Context: The relationship between monetary policy and inflation is not reliable in a crisis, creating a classical problem for the central bank.
Role of Monetary Policy Framework 2015:
Flexible Inflation Targeting (FIT): was formally adopted in India
The Central Government, in consultation with the RBI, notified the inflation target of 4.0% - with 6.0% and 2.0% as the upper and lower tolerance levels.
Inflation target applicable from August 5, 2016, to March 31, 2021.
In case of failure to sustain the targets, RBI would send a report to the central government stating the reasons for its failure and propose remedial measures to be taken.
Issues with the FIT regime in recent times:
Inflation consistently higher than 6% mark: since December 2019 with the exception of March 2020.
Given the limited lockdown and its re-imposition – supply shocks may continue until the COVID situation improve.
Continuing deceleration even before the pandemic:
Indian growth had been decelerating over the last eight quarters, and the January–March 2020 quarter saw a low growth rate of 3.1%.
Liquidity conditions have been kept in the surplus mode since June 2019.

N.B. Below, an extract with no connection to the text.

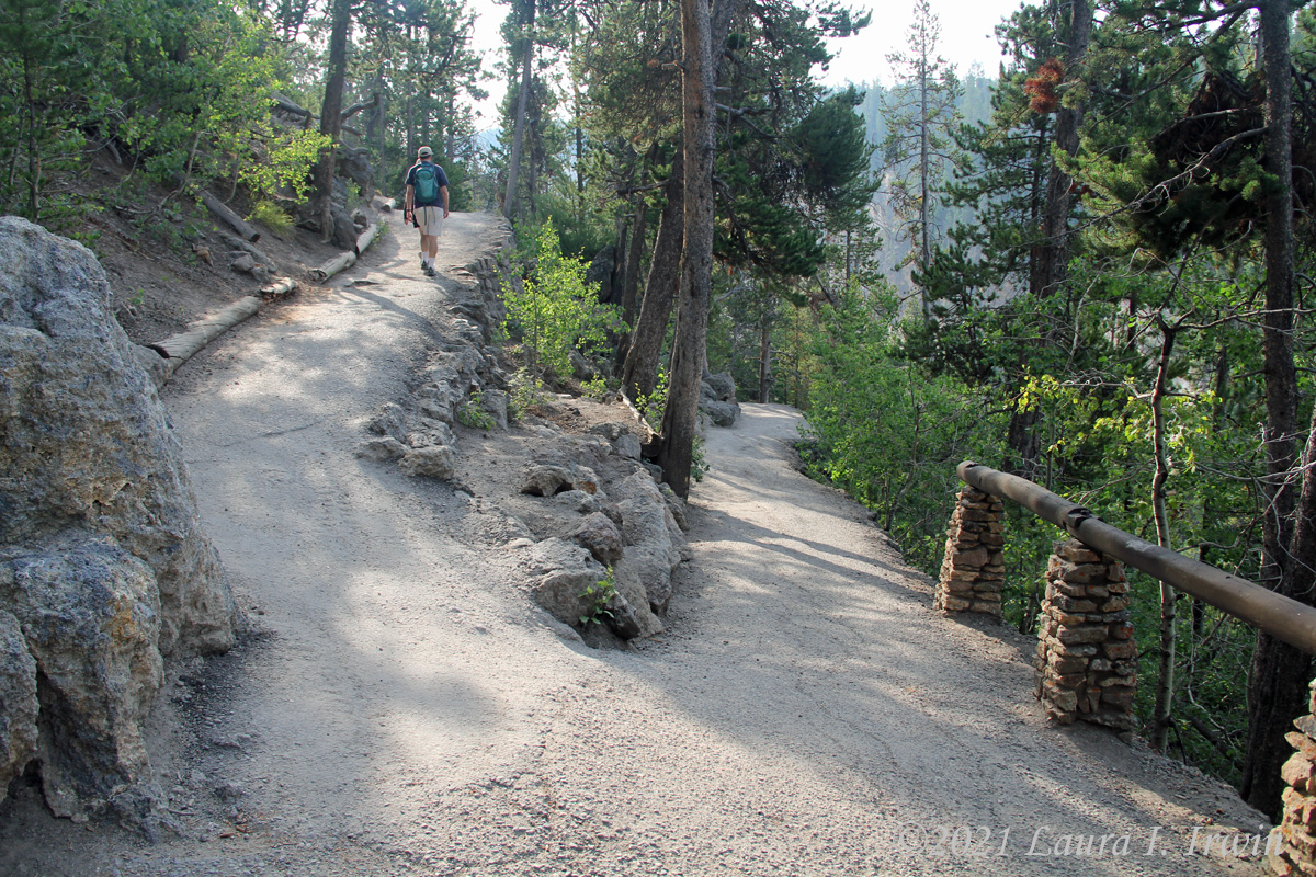 I followed the northern and eastern parts of the lower loop around Yellowstone so that I could visit the Grand Canyon of the Yellowstone before heading south. While not quite as impressive as the Grand Canyon, this one is pretty spectacular. There are lookouts and viewpoints along both the North and South Rim Drives. I started on the North Rim and undertook the hike down to the Brink of the Lower Falls. The trail drops 600 feet down along the wall of the canyon in just ⅜ of a mile. Easy going down, not quite so fun going back up. The view over the falls and down into the canyon is incredible.

Negative apprehension of the pandemic: Lowest growth in 40 years
The International Monetary Fund in its June 25 projections has placed Indian growth for 2020-21 at (-) 4.5%
Provision of sizeable monetary stimulus: to rejuvenate the depressed economy.
RBI since February aggregated to about Rs 9.57 trillion (equivalent to about 4.7% of 2019-20 nominal GDP).
Way Forward:
RBI should stick to FIT regime: Even though high inflation can pose a dilemma of whether to prolong stimulus or pause rate cut cycle, RBI should take appropriate action as the future unfolds.
Place monetary policy decisions under an escape clause: similar to the Fiscal Responsibility and Budget Management Act, that allows the government to borrow money in exceptional circumstances.